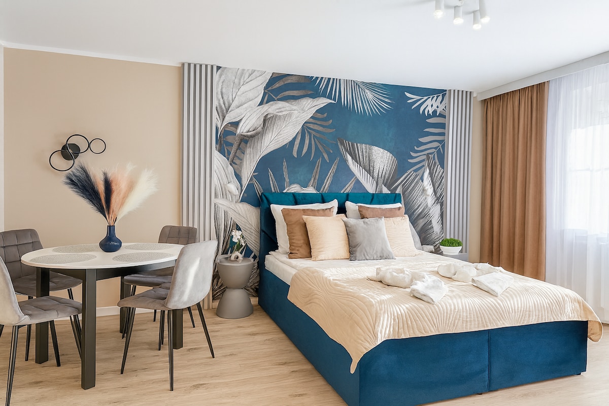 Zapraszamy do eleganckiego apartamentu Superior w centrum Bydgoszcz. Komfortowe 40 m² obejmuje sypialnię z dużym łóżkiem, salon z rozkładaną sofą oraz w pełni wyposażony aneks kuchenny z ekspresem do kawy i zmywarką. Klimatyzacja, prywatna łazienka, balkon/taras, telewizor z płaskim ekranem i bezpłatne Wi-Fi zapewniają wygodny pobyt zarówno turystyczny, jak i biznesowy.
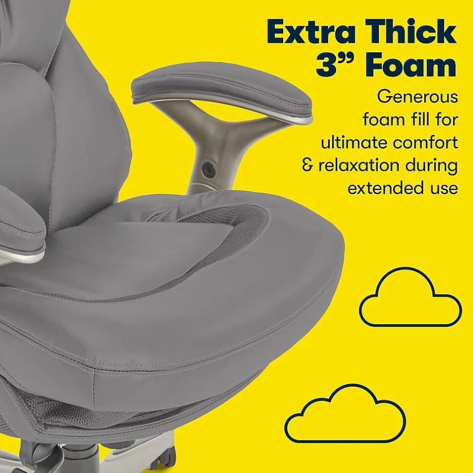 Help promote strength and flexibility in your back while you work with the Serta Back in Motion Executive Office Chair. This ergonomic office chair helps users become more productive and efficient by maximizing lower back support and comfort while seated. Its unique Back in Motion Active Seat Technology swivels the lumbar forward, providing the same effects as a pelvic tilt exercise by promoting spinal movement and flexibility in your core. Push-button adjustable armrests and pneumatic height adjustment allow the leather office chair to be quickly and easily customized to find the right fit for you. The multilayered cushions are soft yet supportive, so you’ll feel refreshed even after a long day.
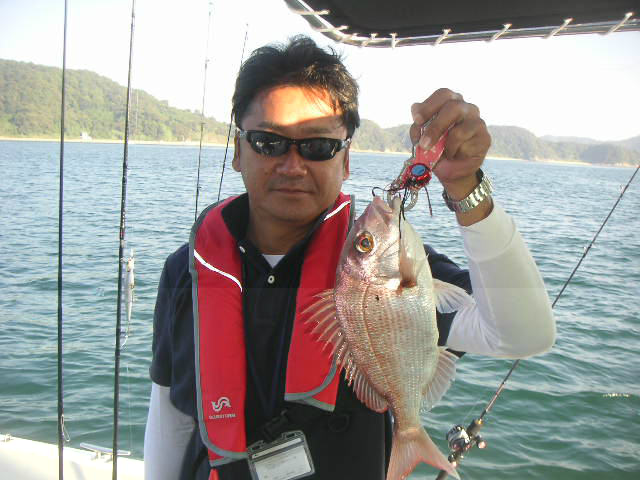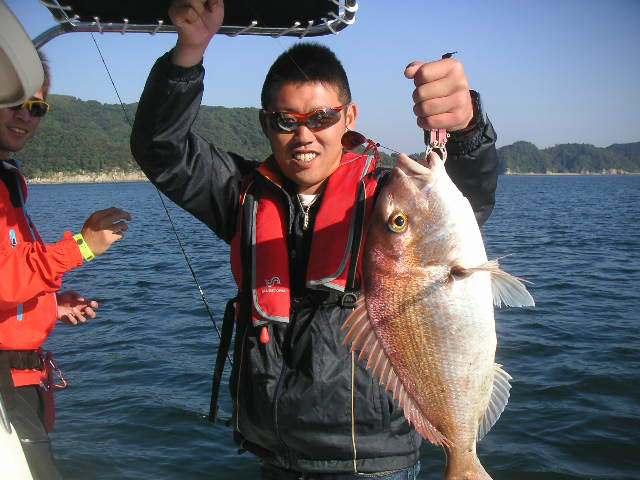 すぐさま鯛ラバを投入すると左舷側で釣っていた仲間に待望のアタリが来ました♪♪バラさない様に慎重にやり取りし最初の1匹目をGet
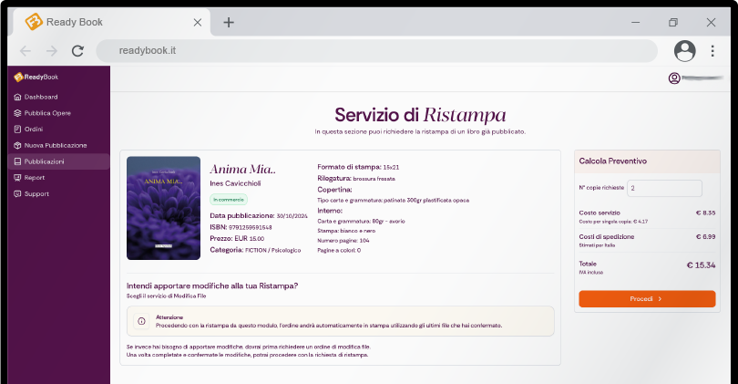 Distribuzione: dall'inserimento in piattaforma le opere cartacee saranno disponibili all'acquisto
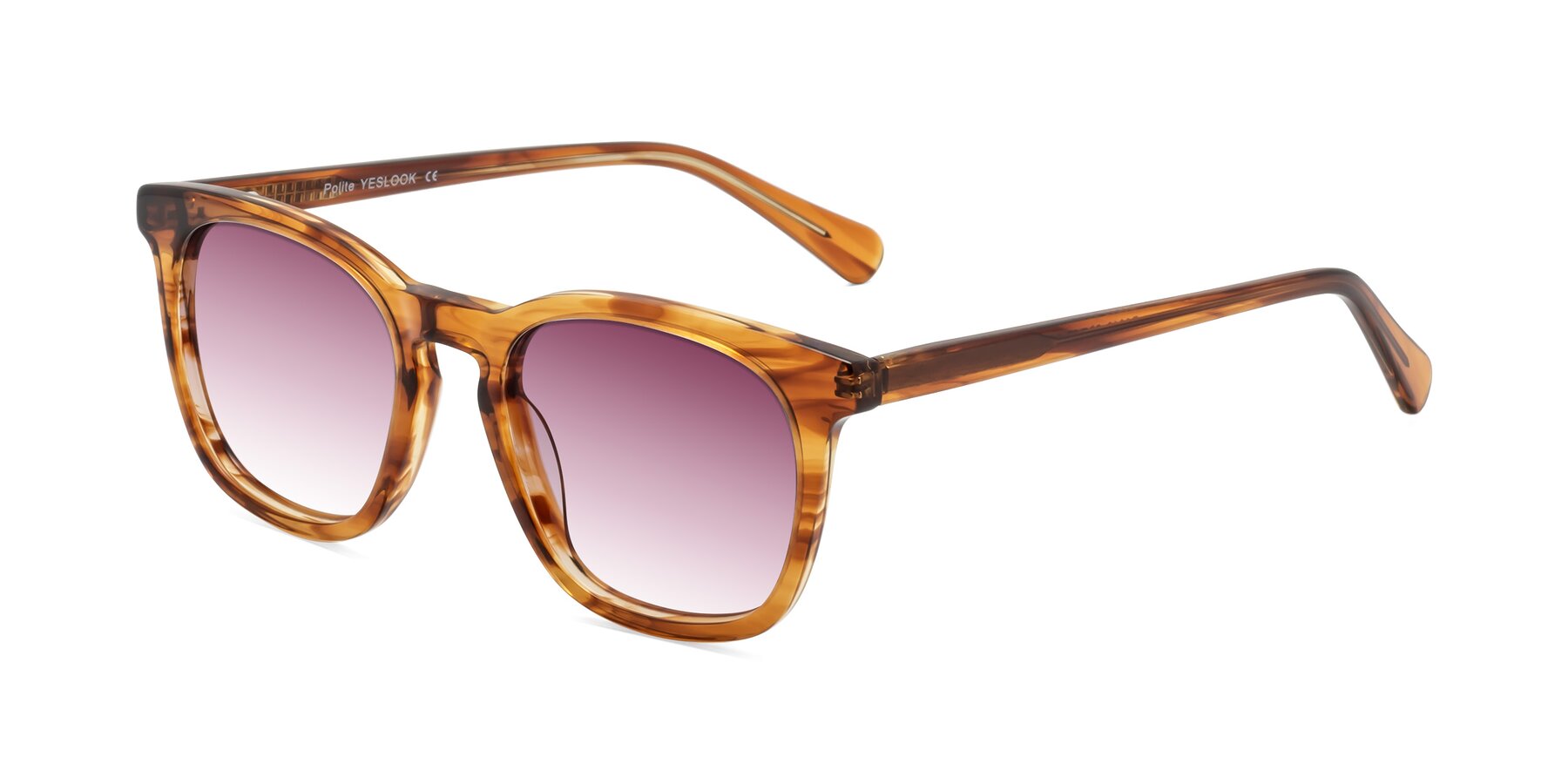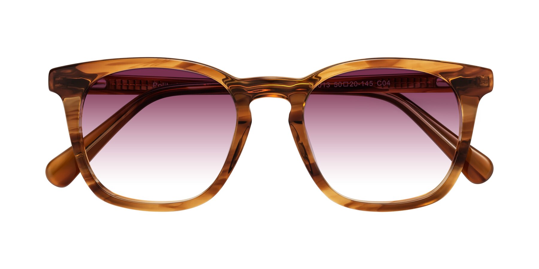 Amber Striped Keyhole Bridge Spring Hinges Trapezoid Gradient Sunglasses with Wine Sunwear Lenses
==
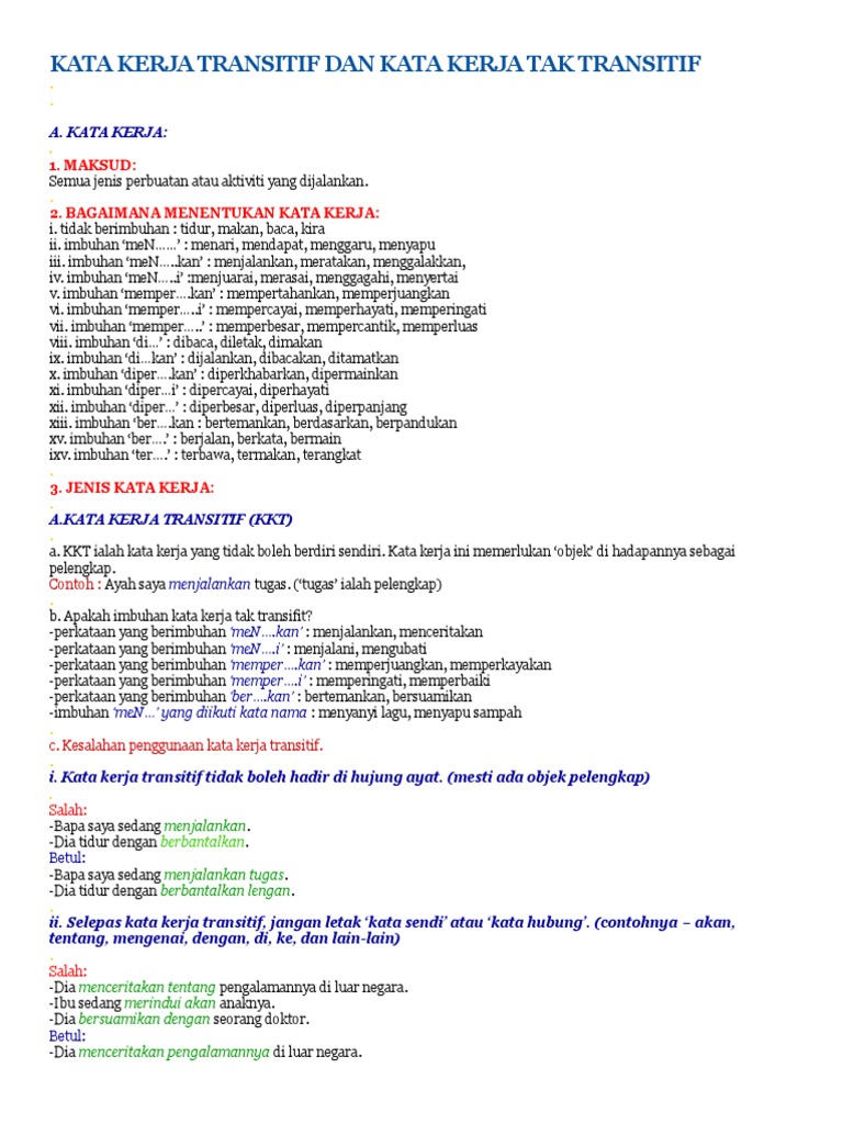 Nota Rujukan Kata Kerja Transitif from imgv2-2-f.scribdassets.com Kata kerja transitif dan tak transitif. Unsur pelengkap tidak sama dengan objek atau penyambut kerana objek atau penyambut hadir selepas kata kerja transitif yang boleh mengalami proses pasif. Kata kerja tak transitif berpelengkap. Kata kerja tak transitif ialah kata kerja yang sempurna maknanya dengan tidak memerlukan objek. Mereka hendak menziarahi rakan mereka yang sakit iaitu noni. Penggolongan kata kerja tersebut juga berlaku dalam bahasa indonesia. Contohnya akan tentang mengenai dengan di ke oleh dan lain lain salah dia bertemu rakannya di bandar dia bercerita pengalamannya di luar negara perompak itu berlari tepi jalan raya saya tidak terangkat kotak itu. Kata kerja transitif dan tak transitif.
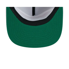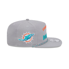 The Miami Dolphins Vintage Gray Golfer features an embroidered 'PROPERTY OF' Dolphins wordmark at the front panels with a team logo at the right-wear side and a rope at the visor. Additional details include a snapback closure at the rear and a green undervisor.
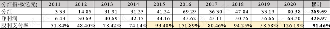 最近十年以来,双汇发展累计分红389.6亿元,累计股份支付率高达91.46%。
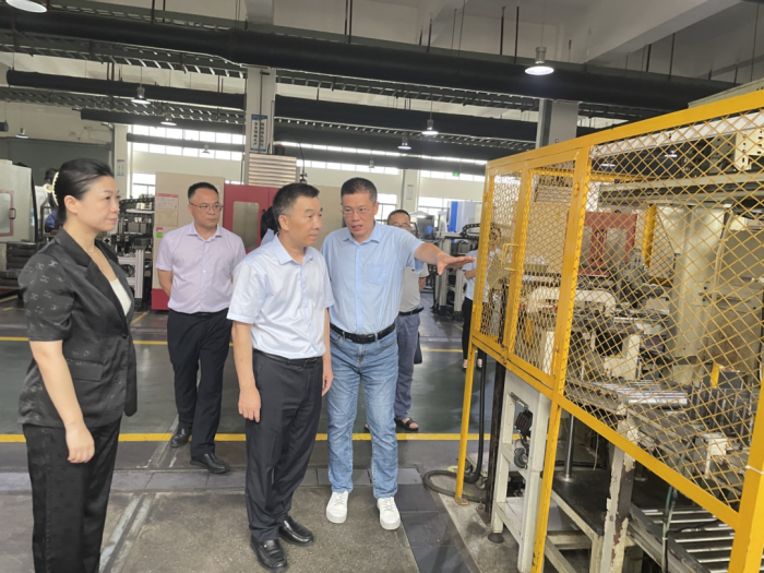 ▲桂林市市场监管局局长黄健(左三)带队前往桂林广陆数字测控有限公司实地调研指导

● Required action: Since the pictures are not part of the copy, please transcribe only the lines above from the one with "Distribuzione: dall'inserimento in" through the one with "Amber Striped Keyhole", exactly and with both ends.

● Solution to the problem:
 Distribuzione: dall'inserimento in piattaforma le opere cartacee saranno disponibili all'acquisto
 Amber Striped Keyhole Bridge Spring Hinges Trapezoid Gradient Sunglasses with Wine Sunwear Lenses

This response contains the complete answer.